Die Frage der Ressourcenausbeutung und ökologischen Zerstörung wurde stark thematisiert: Erdöl, aber auch Gold und Diamanten. Außerdem das problematische Verhältnis China-Afrika. Dazu wurde ein Buch präsentiert. HIV/AIDS war natürlich sehr stark präsent. Zum Verhältnis EU-Afrika gab es eine eigene Demonstration vor der EU-Vertretung. Es wurde gefordert, dass die einseitigen Handelsprivilegien für die armen Staaten nicht einfach dem Freihandel geopfert und dass die bisherigen Freihandelsabkommen evaluiert werden. Denn die EPAs, die jetzt kommen sollen, sind ja, wie EU-Kommissar Peter Mandelson deutlich sagt, vor allem dazu da, neue Märkte für Europa zu erschließen – und nicht für die Ernährungssicherung in Afrika. Man behauptet zwar, der Freihandel bringe Entwicklung für Afrika, aber wir wissen, dass das nicht stimmt, weil die lokalen Märkte zerstört werden. Der Import europäischer Tiefkühlhühner nach Kamerun wurde nur nach Protesten gestoppt. Eine Afrikanerin sagte uns in Nairobi: „Gegen AIDS kann ich mich schützen. Gegen die EPAs nicht. Die bringen uns um.“
Wird die EU nicht von der WTO gezwungen, den Freihandel auch auf Afrika auszudehnen?
Das stimmt. Es geht darum, die Handelsbeziehungen WTO-kompatibel zu machen. Lomé war das nicht, Cotonou nur zum Teil. Allerdings ist die EU nicht bereit, die eigenen Exportsubventionen zu verhandeln. Das ist eine schreiende Ungerechtigkeit. Viele in Europa wollen nicht sehen, dass das in den afrikanischen Ländern ein menschenwürdiges Leben verunmöglicht. Und dann wundern wir uns, wenn Menschen weg wollen und zu uns kommen. Man sieht nicht die Ursachen, dass die Migration auch mit der Handelspolitik der Industrieländer zusammenhängt.
Es heißt, die Bewegungen hätten auf dem Forum immer weniger zu sagen und die NGOs regieren.

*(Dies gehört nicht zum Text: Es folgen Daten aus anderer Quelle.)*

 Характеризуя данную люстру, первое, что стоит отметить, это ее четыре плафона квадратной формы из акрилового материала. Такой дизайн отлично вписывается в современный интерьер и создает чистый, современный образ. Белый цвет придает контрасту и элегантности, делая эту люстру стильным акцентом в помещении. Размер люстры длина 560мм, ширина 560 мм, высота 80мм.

Das stimmt zum Teil. Auch das ist ein Unterschied zwischen Lateinamerika und Afrika. In Lateinamerika sind die sozialen Bewegungen und die Gewerkschaften viel stärker. Das hat sich auch in der Wahl von mehr oder weniger linken Staatschefs niedergeschlagen. Beim Sozialforum in Nairobi gab es wohl auch Kritik an Regierungen, aber keine so stark vertretenen sozialen Bewegungen. Man organisiert sich viel mehr um NGOs, die stärkere Lobbying-Strukturen aufgebaut haben. In vielen afrikanischen Ländern ist auch die Bereitschaft und die Möglichkeit der armen Bevölkerungsgruppen, sich massiv zu engagieren, nicht so vorhanden.
Die Homosexuellen-Initiativen sollen sehr erfolgreich gewesen sein.

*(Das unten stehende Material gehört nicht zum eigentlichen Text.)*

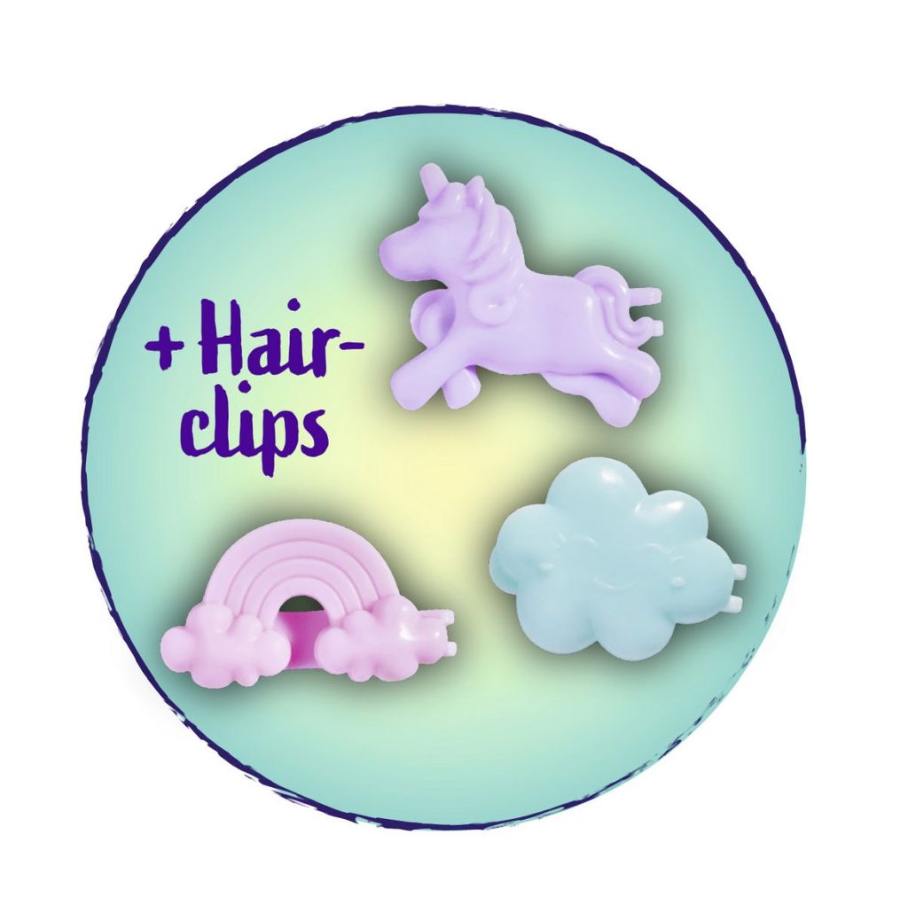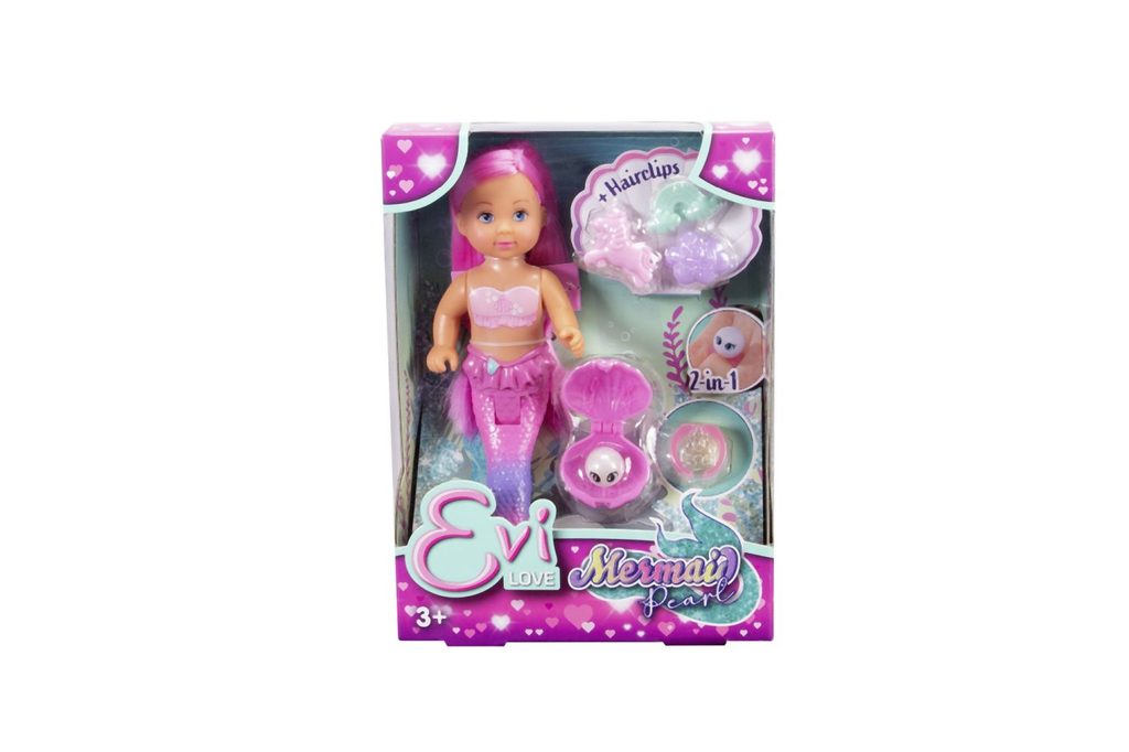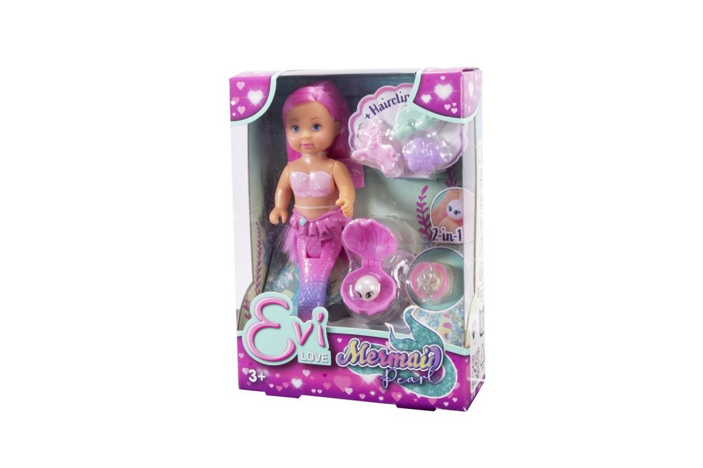 Panenka Evička mořská víla s dlouhými růžovými vlasy, se třemi klipy do vlasů (obláček, duha, jednorožec) a mušlí s perlou, kterou lze použít jako ozdobu prstenu (prstýnkový kroužek součástí balení). Velikost panenky 12 cm.

Der „Q-Spot“ – ein Wortspiel zwischen „G-Spot“ und „Queer“, also lesbischwul-trans-Themen – war sehr gut besucht und am ganzen Gelände bekannt.
Verschiedene Organisationen haben das Tabuthema lesbisches und schwules Leben in Afrika angesprochen. Auch aus Ländern, wo man dafür ins Gefängnis kommen kann. Die ReferentInnen wählten teils sehr humorvolle und provokante Zugänge –so haben sie es auch in die lokalen Medien geschafft – und nicht nur negativ! Einmal waren 200 Leute in einem Saal, viele davon, die nur neugierig waren, zugehört und Fragen gestellt haben. Den OrganisatorInnen ist es ausgezeichnet gelungen, zu einer Öffnung in den Köpfen der Menschen beizutragen, dass es nämlich auch in Afrika Menschen gibt, die sich ins gleiche Geschlecht verlieben – und dass das ganz normal und gar nicht unafrikanisch ist, wie Staatschefs wie Mugabe oder Museveni behaupten.

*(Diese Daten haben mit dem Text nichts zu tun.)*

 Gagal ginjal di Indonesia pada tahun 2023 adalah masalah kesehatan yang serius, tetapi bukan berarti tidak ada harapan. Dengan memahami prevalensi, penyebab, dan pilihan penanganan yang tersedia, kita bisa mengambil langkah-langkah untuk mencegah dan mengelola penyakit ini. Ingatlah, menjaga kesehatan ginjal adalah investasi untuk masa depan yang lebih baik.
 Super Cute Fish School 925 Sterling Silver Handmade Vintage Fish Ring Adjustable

Ulrike Lunacek ist Nationalratsabgeordnete der Grünen und Sprecherin für Außen- und Entwicklungspolitik, für Gleichstellung von Lesben, Schwulen und TransGenderPersonen sowie Ko-Vorsitzende der Europäischen Grünen Partei EGP.
Ralf Leonhard ist freier Mitarbeiter des Südwind-Magazins.